DATA TO USE:
----------

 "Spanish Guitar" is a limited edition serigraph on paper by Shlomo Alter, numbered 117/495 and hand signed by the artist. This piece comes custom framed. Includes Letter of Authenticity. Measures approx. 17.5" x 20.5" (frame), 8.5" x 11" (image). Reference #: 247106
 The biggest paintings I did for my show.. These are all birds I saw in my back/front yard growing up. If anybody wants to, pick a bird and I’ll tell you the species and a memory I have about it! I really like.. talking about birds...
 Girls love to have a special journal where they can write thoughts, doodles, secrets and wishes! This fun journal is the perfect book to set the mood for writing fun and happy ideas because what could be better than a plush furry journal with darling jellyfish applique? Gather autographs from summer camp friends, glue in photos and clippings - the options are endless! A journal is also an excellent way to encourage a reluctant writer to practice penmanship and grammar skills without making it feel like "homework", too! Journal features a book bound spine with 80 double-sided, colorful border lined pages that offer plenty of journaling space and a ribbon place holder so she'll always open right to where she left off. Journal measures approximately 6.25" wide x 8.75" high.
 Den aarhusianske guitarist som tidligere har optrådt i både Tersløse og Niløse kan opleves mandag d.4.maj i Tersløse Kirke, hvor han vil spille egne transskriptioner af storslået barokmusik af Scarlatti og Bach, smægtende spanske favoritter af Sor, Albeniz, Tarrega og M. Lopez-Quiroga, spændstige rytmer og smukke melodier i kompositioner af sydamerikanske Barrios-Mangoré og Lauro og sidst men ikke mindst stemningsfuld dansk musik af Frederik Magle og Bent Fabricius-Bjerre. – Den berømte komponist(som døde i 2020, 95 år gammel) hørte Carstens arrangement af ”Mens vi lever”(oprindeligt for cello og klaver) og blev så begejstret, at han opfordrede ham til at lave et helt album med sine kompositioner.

----------

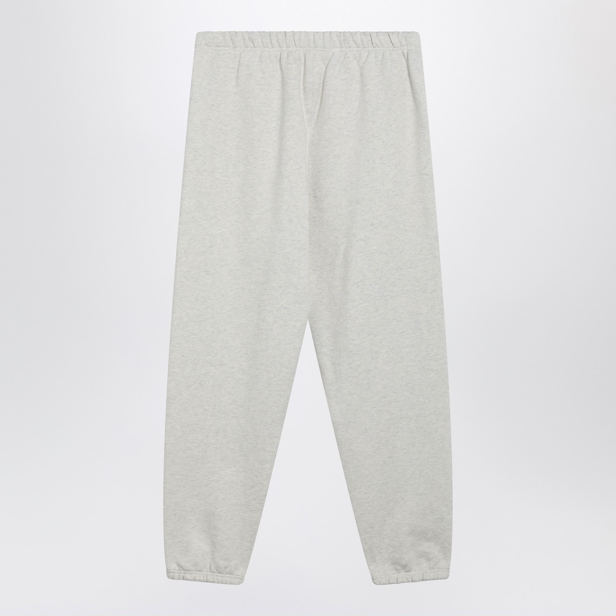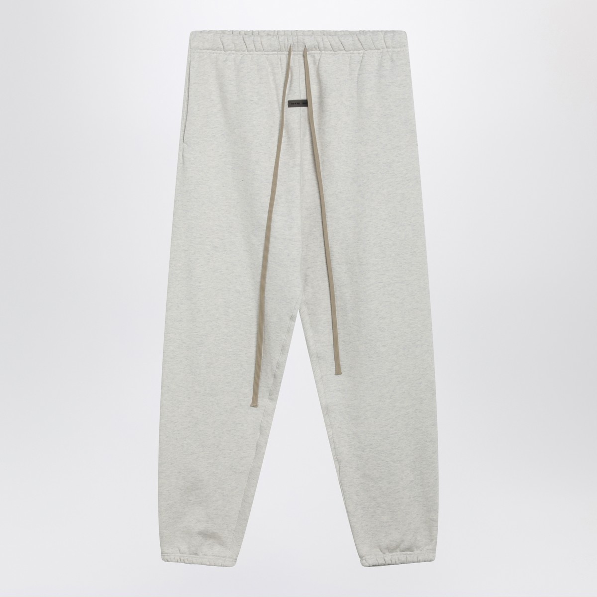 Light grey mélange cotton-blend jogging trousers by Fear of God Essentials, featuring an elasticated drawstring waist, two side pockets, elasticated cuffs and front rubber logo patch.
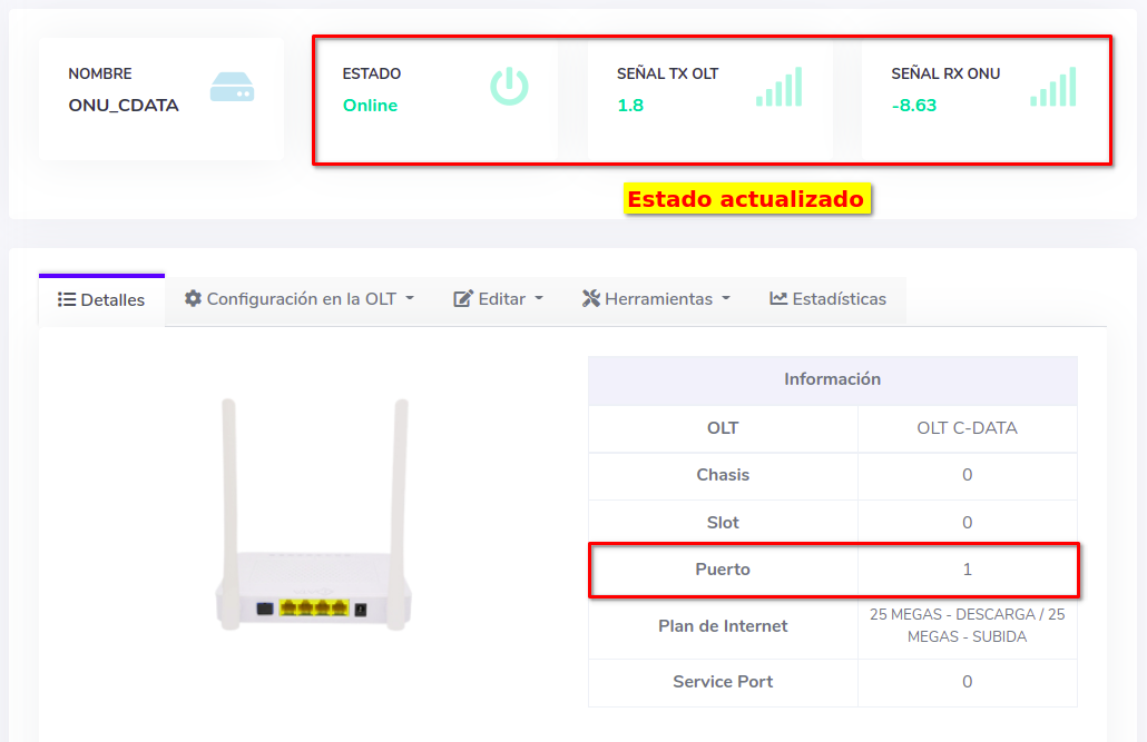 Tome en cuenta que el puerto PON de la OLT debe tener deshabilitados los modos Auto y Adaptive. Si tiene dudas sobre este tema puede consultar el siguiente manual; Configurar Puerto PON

----------

TASK GOAL: From the records above, transcribe exactly the run of lines that opens with the line holding "Reference #: 247106" and closes with the line holding "Den aarhusianske guitarist", both included.

EXERCISE RESULT:
 "Spanish Guitar" is a limited edition serigraph on paper by Shlomo Alter, numbered 117/495 and hand signed by the artist. This piece comes custom framed. Includes Letter of Authenticity. Measures approx. 17.5" x 20.5" (frame), 8.5" x 11" (image). Reference #: 247106
 The biggest paintings I did for my show.. These are all birds I saw in my back/front yard growing up. If anybody wants to, pick a bird and I’ll tell you the species and a memory I have about it! I really like.. talking about birds...
 Girls love to have a special journal where they can write thoughts, doodles, secrets and wishes! This fun journal is the perfect book to set the mood for writing fun and happy ideas because what could be better than a plush furry journal with darling jellyfish applique? Gather autographs from summer camp friends, glue in photos and clippings - the options are endless! A journal is also an excellent way to encourage a reluctant writer to practice penmanship and grammar skills without making it feel like "homework", too! Journal features a book bound spine with 80 double-sided, colorful border lined pages that offer plenty of journaling space and a ribbon place holder so she'll always open right to where she left off. Journal measures approximately 6.25" wide x 8.75" high.
 Den aarhusianske guitarist som tidligere har optrådt i både Tersløse og Niløse kan opleves mandag d.4.maj i Tersløse Kirke, hvor han vil spille egne transskriptioner af storslået barokmusik af Scarlatti og Bach, smægtende spanske favoritter af Sor, Albeniz, Tarrega og M. Lopez-Quiroga, spændstige rytmer og smukke melodier i kompositioner af sydamerikanske Barrios-Mangoré og Lauro og sidst men ikke mindst stemningsfuld dansk musik af Frederik Magle og Bent Fabricius-Bjerre. – Den berømte komponist(som døde i 2020, 95 år gammel) hørte Carstens arrangement af ”Mens vi lever”(oprindeligt for cello og klaver) og blev så begejstret, at han opfordrede ham til at lave et helt album med sine kompositioner.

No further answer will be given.